* [WHAT THE EXERCISE ASKS] Omit all pictures and transcribe only the lines in the entries below that run from the line with "Fresh organic green" through the line with "イベント全体でお客様登壇を含".

* [MATERIAL TO PROCESS]

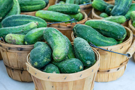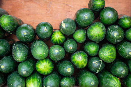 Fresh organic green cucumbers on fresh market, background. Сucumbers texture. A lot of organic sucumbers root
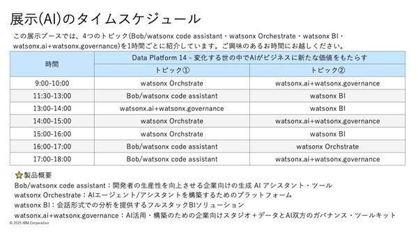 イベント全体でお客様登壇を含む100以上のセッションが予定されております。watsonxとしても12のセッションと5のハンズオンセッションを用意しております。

--

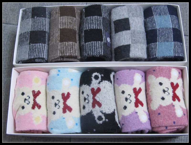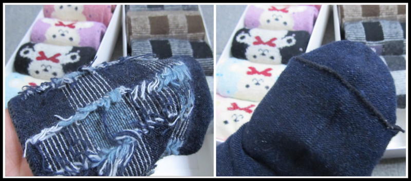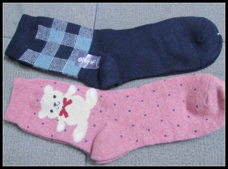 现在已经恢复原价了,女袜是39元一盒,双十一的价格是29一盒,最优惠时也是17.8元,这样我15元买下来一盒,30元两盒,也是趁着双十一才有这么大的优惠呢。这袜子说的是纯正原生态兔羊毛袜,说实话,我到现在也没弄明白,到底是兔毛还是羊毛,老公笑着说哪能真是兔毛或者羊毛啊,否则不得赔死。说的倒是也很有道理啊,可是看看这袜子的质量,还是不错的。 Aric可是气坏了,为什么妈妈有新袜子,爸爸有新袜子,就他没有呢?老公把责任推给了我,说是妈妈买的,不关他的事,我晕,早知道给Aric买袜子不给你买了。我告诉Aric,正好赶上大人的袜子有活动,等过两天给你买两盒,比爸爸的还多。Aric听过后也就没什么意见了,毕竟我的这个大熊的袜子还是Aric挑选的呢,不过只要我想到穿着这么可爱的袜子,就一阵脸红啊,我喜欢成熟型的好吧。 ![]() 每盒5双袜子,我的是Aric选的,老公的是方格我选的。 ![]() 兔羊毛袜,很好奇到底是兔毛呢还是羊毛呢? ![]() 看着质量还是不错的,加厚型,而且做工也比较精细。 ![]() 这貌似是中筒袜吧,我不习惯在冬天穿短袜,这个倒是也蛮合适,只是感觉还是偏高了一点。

--

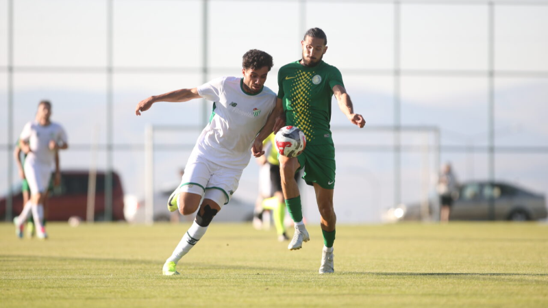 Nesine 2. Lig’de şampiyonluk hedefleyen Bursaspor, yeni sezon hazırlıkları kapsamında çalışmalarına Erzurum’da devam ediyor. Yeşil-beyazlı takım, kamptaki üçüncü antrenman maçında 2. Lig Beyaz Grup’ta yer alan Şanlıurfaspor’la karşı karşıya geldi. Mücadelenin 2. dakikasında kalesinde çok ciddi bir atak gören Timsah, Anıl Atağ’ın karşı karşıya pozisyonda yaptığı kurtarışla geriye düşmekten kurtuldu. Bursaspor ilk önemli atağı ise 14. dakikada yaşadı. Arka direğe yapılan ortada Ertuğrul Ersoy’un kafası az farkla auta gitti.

* [EXERCISE SOLUTION]
 Fresh organic green cucumbers on fresh market, background. Сucumbers texture. A lot of organic sucumbers root
 イベント全体でお客様登壇を含む100以上のセッションが予定されております。watsonxとしても12のセッションと5のハンズオンセッションを用意しております。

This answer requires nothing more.